Various termination conditions are conceivable. For example, only a maximum number of runs is allowed, sufficient fitness is defined, a lower limit for cooling is defined, or a number of points in time are defined over which no further changes have been made. ${\ displaystyle t}$${\ displaystyle x _ {\ mathrm {approx}}}$

### Graphic clarification

Graphic representation of a landscape in which a global minimum is to be found.

The idea of ​​simulated cooling can be illustrated graphically.
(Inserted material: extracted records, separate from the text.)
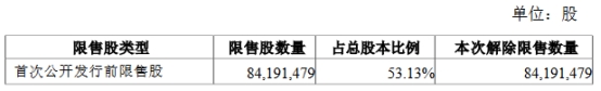本次上市流通的限售股属于首次公开发行前限售股,限售期为自公司首次公开发行并上市之日起12个月,股份数量为84,191,479股,占公司总股本的53.13%,该部分限售股将于2024年5月10日起上市流通。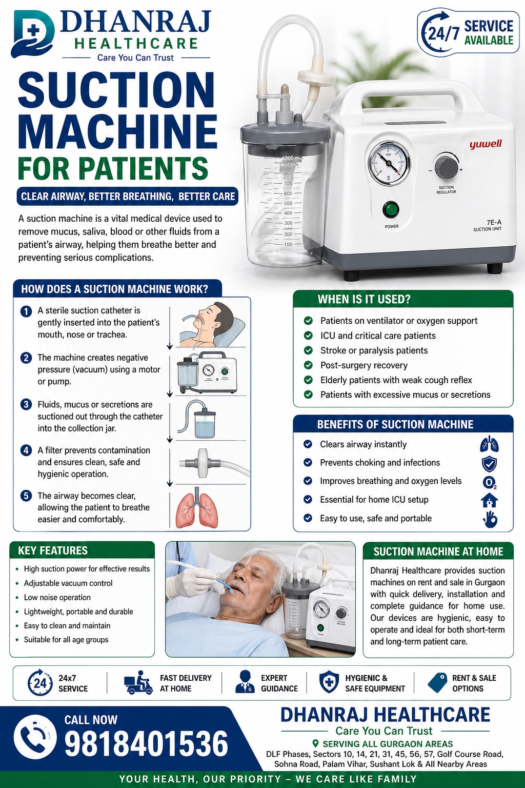 Patient Suction Machine Rental and Sell: Operation & Advantages | Dhanraj Healthcare A vital medical tool for clearing a patient's airway of mucus, saliva, blood, or other fluids is a suction machine. For patients who are unable to expel secretions on their own, it keeps the airway free and facilitates breathing. 📍 Gurgaon Service Areas Dhanraj Healthcare rents out suction machines in all of Gurgaon's main locations: DLF Phases 1, 2, 3, 4, 5 Sectors 10, 14, 21, 31, 45, 56, 57 Sushant Lok 1, 2, 3 Golf Course Road & Extension Sohna Road Palam Vihar New Gurgaon (Sectors 82–95) Every Gurgaon neighborhood. ⚙️ A Suction Machine's Operation The suction machine draws fluids from the patient's airway into a collection jar by generating negative pressure, or vacuum. Gently insert a sterile suction catheter into the patient's trachea, nose, or mouth. The device uses a pump or motor to create suction. Fluids are gathered in a sealed container for safety. A filter guards against infection and guarantees hygiene. This procedure keeps the oxygen flowing properly and avoids breathing issues. 🏥 When Does It Get Used? Individuals receiving oxygen or a ventilator Critical care or intensive care unit patients Patients with paralysis or stroke Recuperation following surgery Cough reflex weakness in elderly patients The advantages of a suction machine instantly clears the airway avoids infections and choking increases oxygen levels and breathing Crucial for setting up a home intensive care unit Simple and portable 🏡 Suction Machine at Home: Dhanraj Healthcare Dhanraj Healthcare offers suction devices for sale and rental in Gurgaon, along with prompt delivery and appropriate home usage instructions. Our equipment is hygienic, simple to use, and appropriate for both short-term and long-term patient care.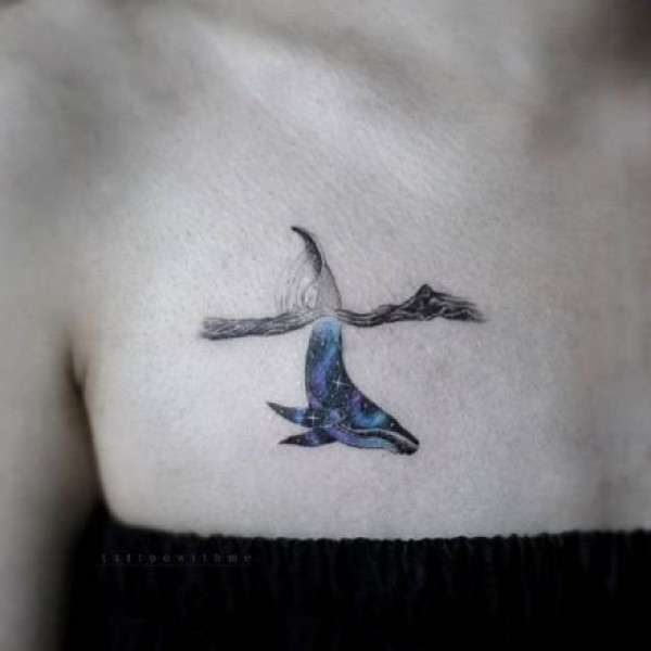 9张唯美的星空和鲸鱼搭配的纹身图案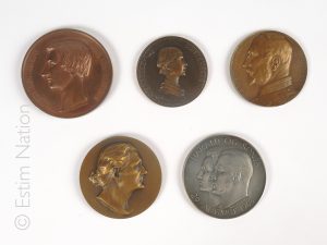 Comtesse de Paris d'après Philippe BESNARD, Duc de Brabant d'après Léopold WIENER F. On joint une médaille en bronze commémorative du violoniste belge Eugène YSAYE d'après Louis DUPONT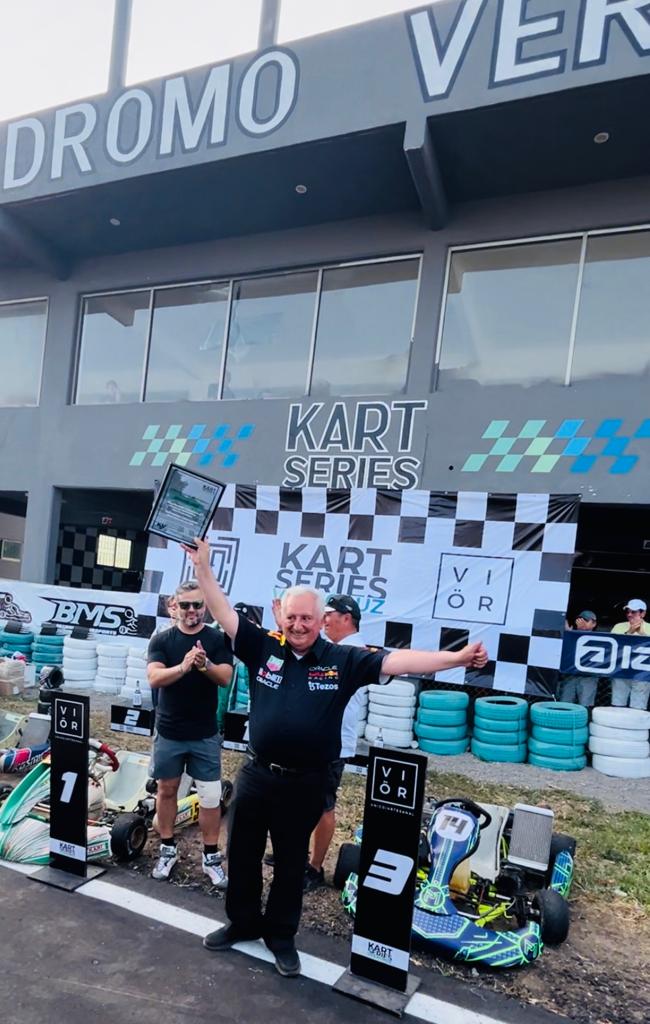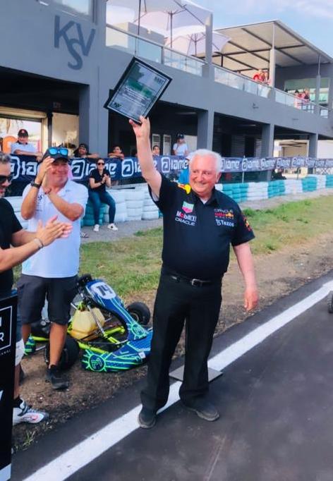 Directivos del Kartodromo, familiares y amigos acompañaron al “Tiburón Volador” en sencilla y emotiva ceremonia en donde le entregaron un reconocimiento por su exitosa trayectoria en el deporte motor nacional.

Suppose you are looking for the (global) lowest point in a two-dimensional landscape. The landscape itself consists of many dents of different depths. The simple search strategy (search for the next lowest point) corresponds to the behavior of a ball that is exposed in this landscape. It rolls to the nearest local minimum and stays there. During the simulated cooling, the ball is repeatedly given an impact that becomes weaker as the "cooling" increases. This is ideally strong enough to remove the ball from a shallow dent (local minimum), but not enough to escape from the global minimum.

Simulated annealing in the search for a maximum. The numerous local maxima are quickly abandoned again by the strong noise movement of the temperature simulation when the "temperature" is still high. The global maximum is reliably found, however, since the falling “temperature” value is no longer sufficient to leave it at the end. This gives better results than a simple mountaineering algorithm .

## literature

• Ingo Wegener : Simulated Annealing Beats Metropolis in Combinatorial Optimization . In: Lecture Notes in Computer Science . tape 3580 . Springer, Berlin / Heidelberg 2005, ISBN 978-3-540-27580-0 , pp. 589–601 , doi : 10.1007 / 11523468 (For a problem that is easy to describe, it is shown that, regardless of the temperature, the simulated cooling is more efficient than the Metropolis algorithm .).